Once you find the line with "Koberec Aubusson 120" in the data below, transcribe exactly each line from there to the line with "8 stycken vita", inclusive, and nothing else. Drop the pictures.

=-=-=-=-=

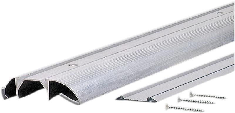 Economy-grade standard high rug extruded aluminum threshold, with vinyl seal. Designed for use with thick pile carpet. Height of 1-1/8 in.
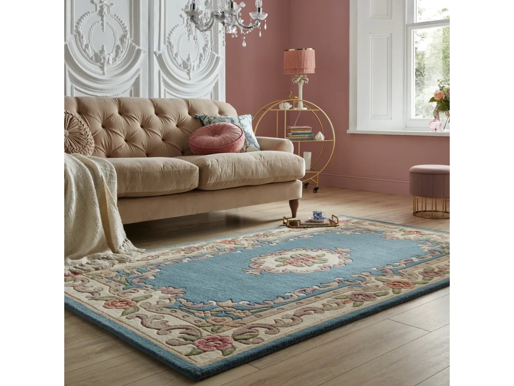 Koberec Aubusson 120 x 180 cm modrý Rozbale(v)no, může být lehce zašpiněné - lze vyčistit
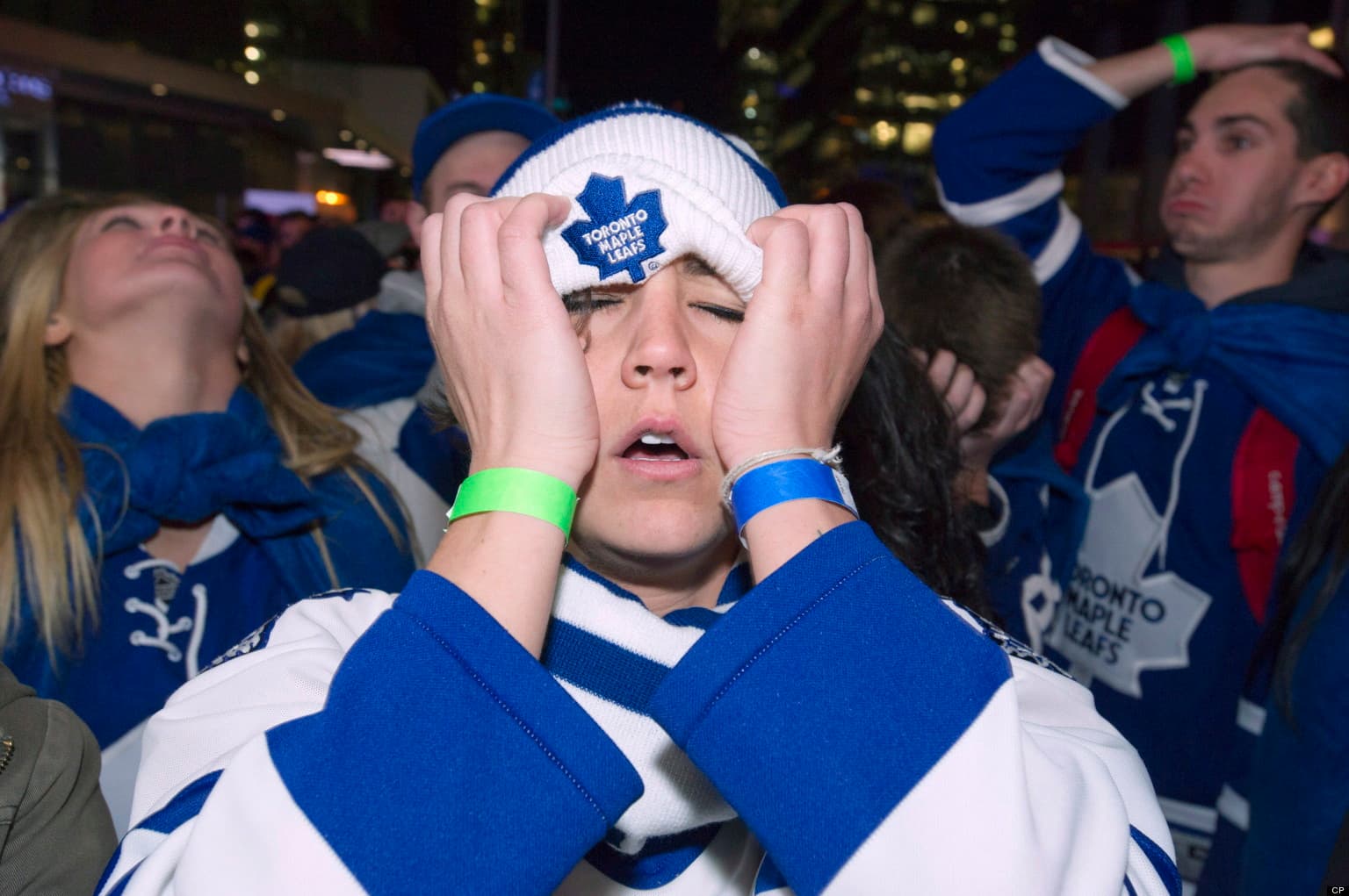 Toronto Maple Leafs fans react to the Boston Bruins fourth goal while watching game 7 third period NHL action against the Boston Bruins at Maple Leafs Square in Toronto on Monday May 13, 2013. THE CANADIAN PRESS/Frank Gunn
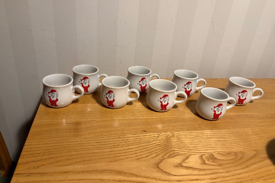 8 stycken vita muggar med jultomtemotiv. Muggarna har ett handtag, en rundad form och rymmer ca. 50 ml.
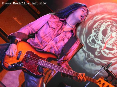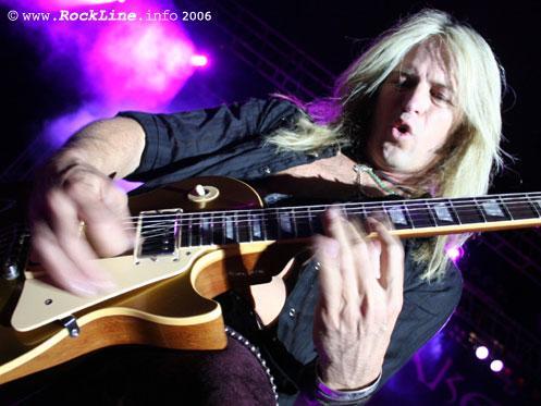 Vsekakor pa potem sledi umiritev tega bojnega plesa! Is This Love? Na končno! Sem stisnil Saksy k sebi, dotik ki sem ga med nastopom Whitesnake na Gods Of Metal tako pogrešal. Norišnica! Vsekakor “riffing” mnogo udarnejši, kot v originalu! Ljudje v refrenih še vedno ob Coverdaleu, ki se mu tak repertoar na kožo ne bi mogel bolje prilegati. Whitesnake je on! Itak, kaj sploh blebečem! Še en visoko adrenalinski napad z Ready And Willing, potem pa je na sceno stopil Doug Aldrich, ki je odprl prvo solo točko. Doug! To pot sem bil oddaljen v primerjavi s prvo vrsto koncerta Dio (Graz, 19.09.2002), a vseeno sem lahko opazoval dovolj dobro. Doug je neverjetno prepričljiv v takšni solo točki. Spet. V njo samega sebe in svoja čustva tako spretno vplete, da solaža izpade spontano, o tehnični perfekciji ni vredno zgubljati besed. A če pri tehnični dovršenosti obstanejo sicer mojstri Petrucci, Satriani, ipd in jih od tod ne premakneš, potem je Doug zgled kitarista, ki praši kitaro, da kitara v vsem sentimentu dobesedno oživi. Izgledalo je, da Doug še nikar bo odnehal “natepavati” kitare in vendar je napovedal Reba Beacha, ki je prisotpil mnogo bolj sofisticirano in večinoma brzel po sveltobno hitrem “taping-u” medtem, ko je Doug zasolil svojo solažo mnogo bolj bluesersko! Skratka, solaže so morda koga v avditoriju prikrajšale za kako Whitesnake klasiko več, a zame osebno so predstavljale enega vrhuncev koncerta. Fantje so znova skupaj na odru in se zlijejo skupni “jammming”. Hecno je bilo opazovati, medtem “skritega” za monitorji Coverdalea, ki ni in ni mogel stati pri miru med soliranjem kitaristov.
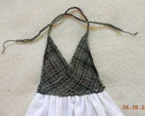 The Play suit, a version of a Weave-it  project was even smaller, measuring 26 at the waist and 36 at the hip. This way of doing it has no darts but is tiered as in chart. And you’ll see in the chart that the squares are Not square, This was to show that they are eased in to fit the previous row. It does not look gathered if done carefully.

=-=-=-=-=

Response to this exercise:
 Koberec Aubusson 120 x 180 cm modrý Rozbale(v)no, může být lehce zašpiněné - lze vyčistit
 Toronto Maple Leafs fans react to the Boston Bruins fourth goal while watching game 7 third period NHL action against the Boston Bruins at Maple Leafs Square in Toronto on Monday May 13, 2013. THE CANADIAN PRESS/Frank Gunn
 8 stycken vita muggar med jultomtemotiv. Muggarna har ett handtag, en rundad form och rymmer ca. 50 ml.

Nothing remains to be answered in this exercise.